__Given data__:

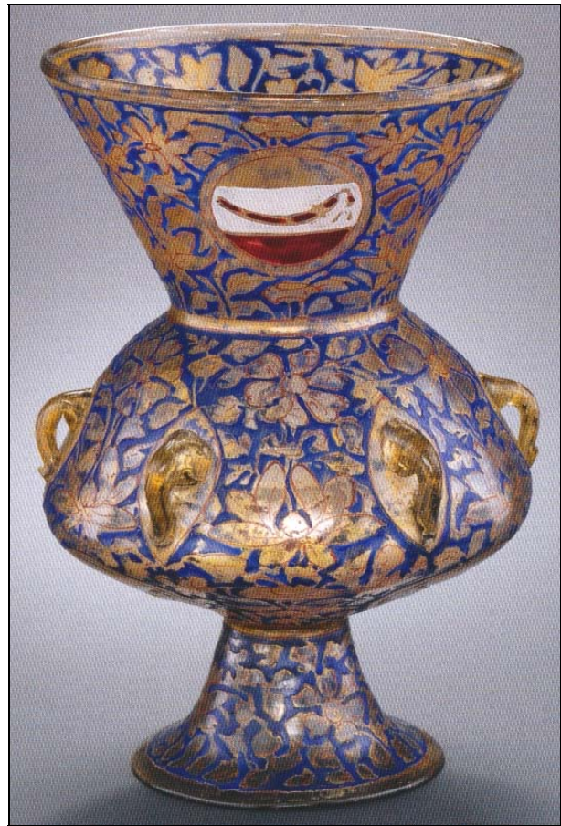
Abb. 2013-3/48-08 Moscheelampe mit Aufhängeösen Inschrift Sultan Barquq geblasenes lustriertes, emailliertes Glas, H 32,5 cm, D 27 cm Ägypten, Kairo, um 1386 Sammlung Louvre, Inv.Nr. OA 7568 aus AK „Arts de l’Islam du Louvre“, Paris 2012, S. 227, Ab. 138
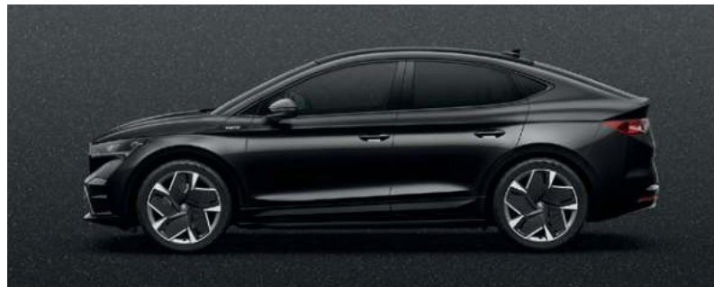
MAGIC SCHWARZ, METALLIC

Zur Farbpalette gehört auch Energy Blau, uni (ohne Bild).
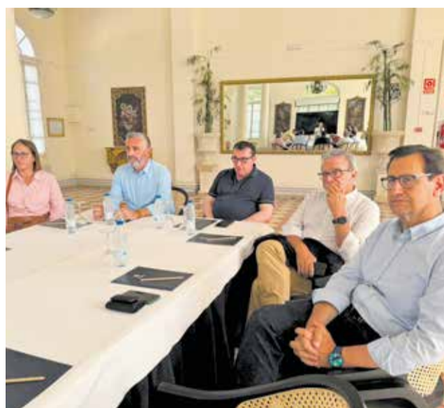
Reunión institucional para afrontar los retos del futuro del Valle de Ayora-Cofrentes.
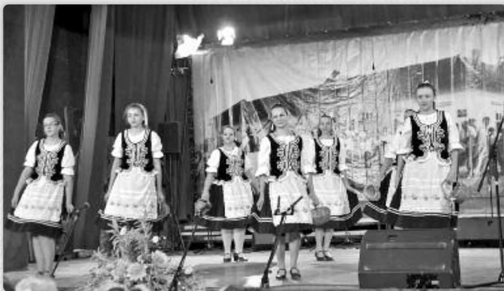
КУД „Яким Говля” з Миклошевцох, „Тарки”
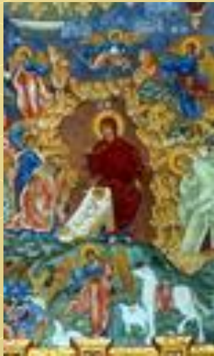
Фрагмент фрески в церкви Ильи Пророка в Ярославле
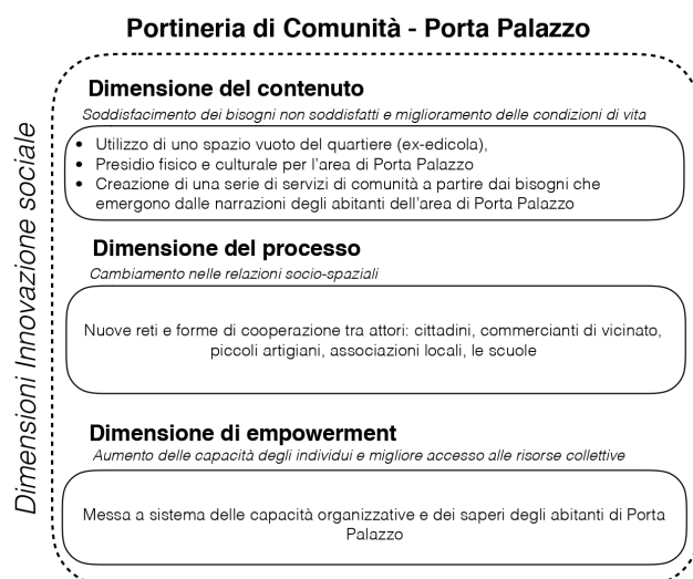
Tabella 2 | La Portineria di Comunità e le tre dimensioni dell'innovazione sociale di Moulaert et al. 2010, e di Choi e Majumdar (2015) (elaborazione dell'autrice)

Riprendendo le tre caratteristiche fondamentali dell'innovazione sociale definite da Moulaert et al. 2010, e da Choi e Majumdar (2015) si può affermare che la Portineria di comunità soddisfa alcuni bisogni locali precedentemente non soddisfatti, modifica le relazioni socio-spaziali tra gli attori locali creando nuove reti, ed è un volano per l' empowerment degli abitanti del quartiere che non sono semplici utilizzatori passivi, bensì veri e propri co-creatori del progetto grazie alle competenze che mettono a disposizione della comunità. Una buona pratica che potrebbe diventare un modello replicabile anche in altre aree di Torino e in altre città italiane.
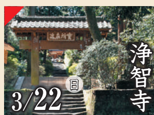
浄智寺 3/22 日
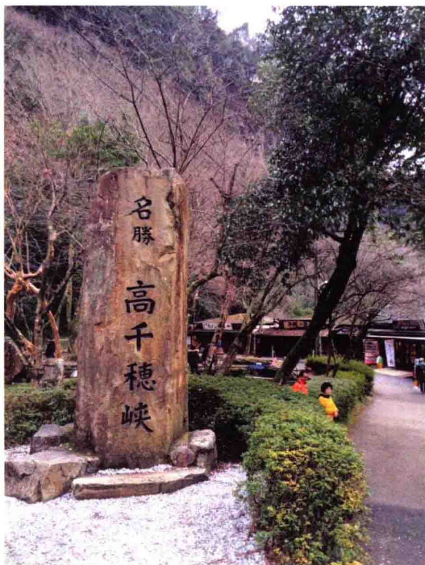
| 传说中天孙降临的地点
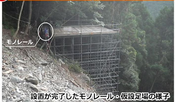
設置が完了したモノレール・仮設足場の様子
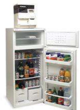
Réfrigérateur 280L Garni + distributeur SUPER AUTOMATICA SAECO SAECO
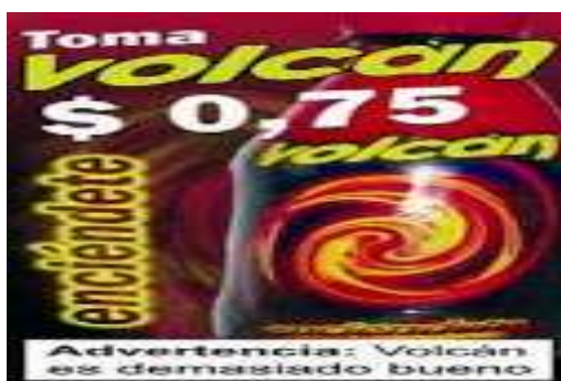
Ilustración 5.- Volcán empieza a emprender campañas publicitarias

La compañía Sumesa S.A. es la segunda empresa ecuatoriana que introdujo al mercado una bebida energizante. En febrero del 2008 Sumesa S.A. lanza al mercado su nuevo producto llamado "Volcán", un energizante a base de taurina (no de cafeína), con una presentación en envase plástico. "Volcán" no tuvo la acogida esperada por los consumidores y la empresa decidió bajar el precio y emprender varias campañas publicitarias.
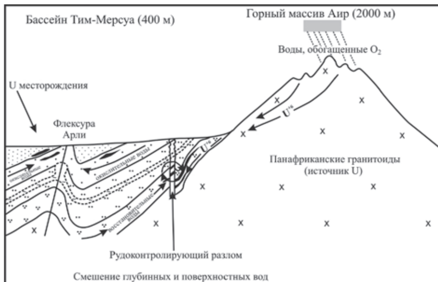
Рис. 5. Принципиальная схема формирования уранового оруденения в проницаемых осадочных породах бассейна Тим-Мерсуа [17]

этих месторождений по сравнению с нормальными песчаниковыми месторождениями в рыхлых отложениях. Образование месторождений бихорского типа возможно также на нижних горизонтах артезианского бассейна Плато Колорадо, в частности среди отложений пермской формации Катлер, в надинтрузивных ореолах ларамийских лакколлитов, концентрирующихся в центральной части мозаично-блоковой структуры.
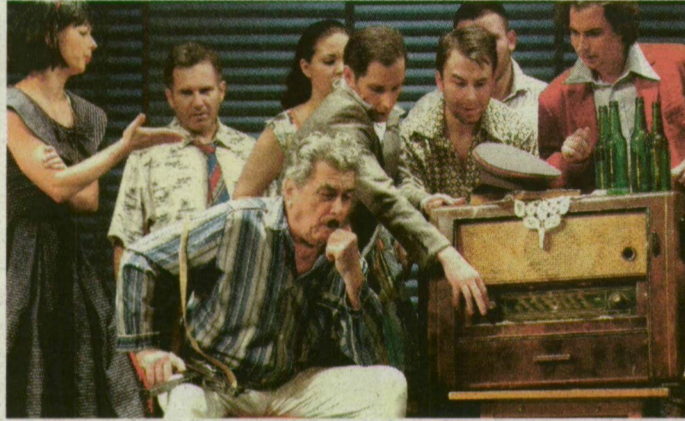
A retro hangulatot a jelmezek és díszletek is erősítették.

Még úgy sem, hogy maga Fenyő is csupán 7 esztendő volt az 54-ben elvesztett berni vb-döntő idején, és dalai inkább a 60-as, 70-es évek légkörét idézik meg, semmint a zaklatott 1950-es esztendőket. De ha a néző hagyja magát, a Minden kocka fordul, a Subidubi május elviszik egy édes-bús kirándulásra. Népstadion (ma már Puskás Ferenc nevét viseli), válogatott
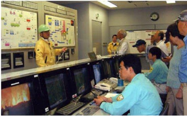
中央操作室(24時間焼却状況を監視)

...

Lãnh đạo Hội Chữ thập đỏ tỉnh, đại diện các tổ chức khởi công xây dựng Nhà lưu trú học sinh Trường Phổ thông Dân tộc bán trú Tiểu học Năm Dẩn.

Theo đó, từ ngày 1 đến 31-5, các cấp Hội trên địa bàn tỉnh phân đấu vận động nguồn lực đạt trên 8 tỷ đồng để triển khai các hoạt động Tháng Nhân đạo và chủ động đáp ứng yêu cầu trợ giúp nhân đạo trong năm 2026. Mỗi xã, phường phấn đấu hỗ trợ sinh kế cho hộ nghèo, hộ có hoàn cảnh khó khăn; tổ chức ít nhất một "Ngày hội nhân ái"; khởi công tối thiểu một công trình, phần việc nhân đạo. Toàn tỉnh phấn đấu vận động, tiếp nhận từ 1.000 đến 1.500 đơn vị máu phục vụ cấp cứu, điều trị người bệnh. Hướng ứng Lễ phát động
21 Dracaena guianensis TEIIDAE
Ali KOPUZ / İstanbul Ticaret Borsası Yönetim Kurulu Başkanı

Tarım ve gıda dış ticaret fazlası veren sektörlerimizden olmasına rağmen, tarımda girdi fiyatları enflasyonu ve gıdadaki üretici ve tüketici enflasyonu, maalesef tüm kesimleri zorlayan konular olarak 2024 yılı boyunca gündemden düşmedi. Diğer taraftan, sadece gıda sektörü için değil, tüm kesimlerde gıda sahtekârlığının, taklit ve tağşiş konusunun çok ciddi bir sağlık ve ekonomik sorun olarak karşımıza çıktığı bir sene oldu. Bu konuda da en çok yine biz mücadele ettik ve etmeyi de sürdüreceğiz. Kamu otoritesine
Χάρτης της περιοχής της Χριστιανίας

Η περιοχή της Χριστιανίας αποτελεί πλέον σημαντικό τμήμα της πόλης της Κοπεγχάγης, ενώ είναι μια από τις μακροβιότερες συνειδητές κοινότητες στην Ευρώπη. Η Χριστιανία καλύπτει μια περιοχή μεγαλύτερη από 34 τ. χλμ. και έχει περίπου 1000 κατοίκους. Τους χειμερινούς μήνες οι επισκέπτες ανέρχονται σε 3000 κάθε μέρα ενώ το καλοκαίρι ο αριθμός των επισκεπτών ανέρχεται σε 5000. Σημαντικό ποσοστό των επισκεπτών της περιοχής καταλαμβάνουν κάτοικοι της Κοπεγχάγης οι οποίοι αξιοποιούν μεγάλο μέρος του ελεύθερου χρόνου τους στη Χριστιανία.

__Activity__:
The range runs from the line above containing "21 Dracaena guianensis TEIIDAE" to the line containing "Η περιοχή της", inclusive. Restate those lines word for word and no others.

__Task result__:
21 Dracaena guianensis TEIIDAE
Ali KOPUZ / İstanbul Ticaret Borsası Yönetim Kurulu Başkanı

Tarım ve gıda dış ticaret fazlası veren sektörlerimizden olmasına rağmen, tarımda girdi fiyatları enflasyonu ve gıdadaki üretici ve tüketici enflasyonu, maalesef tüm kesimleri zorlayan konular olarak 2024 yılı boyunca gündemden düşmedi. Diğer taraftan, sadece gıda sektörü için değil, tüm kesimlerde gıda sahtekârlığının, taklit ve tağşiş konusunun çok ciddi bir sağlık ve ekonomik sorun olarak karşımıza çıktığı bir sene oldu. Bu konuda da en çok yine biz mücadele ettik ve etmeyi de sürdüreceğiz. Kamu otoritesine
Χάρτης της περιοχής της Χριστιανίας

Η περιοχή της Χριστιανίας αποτελεί πλέον σημαντικό τμήμα της πόλης της Κοπεγχάγης, ενώ είναι μια από τις μακροβιότερες συνειδητές κοινότητες στην Ευρώπη. Η Χριστιανία καλύπτει μια περιοχή μεγαλύτερη από 34 τ. χλμ. και έχει περίπου 1000 κατοίκους. Τους χειμερινούς μήνες οι επισκέπτες ανέρχονται σε 3000 κάθε μέρα ενώ το καλοκαίρι ο αριθμός των επισκεπτών ανέρχεται σε 5000. Σημαντικό ποσοστό των επισκεπτών της περιοχής καταλαμβάνουν κάτοικοι της Κοπεγχάγης οι οποίοι αξιοποιούν μεγάλο μέρος του ελεύθερου χρόνου τους στη Χριστιανία.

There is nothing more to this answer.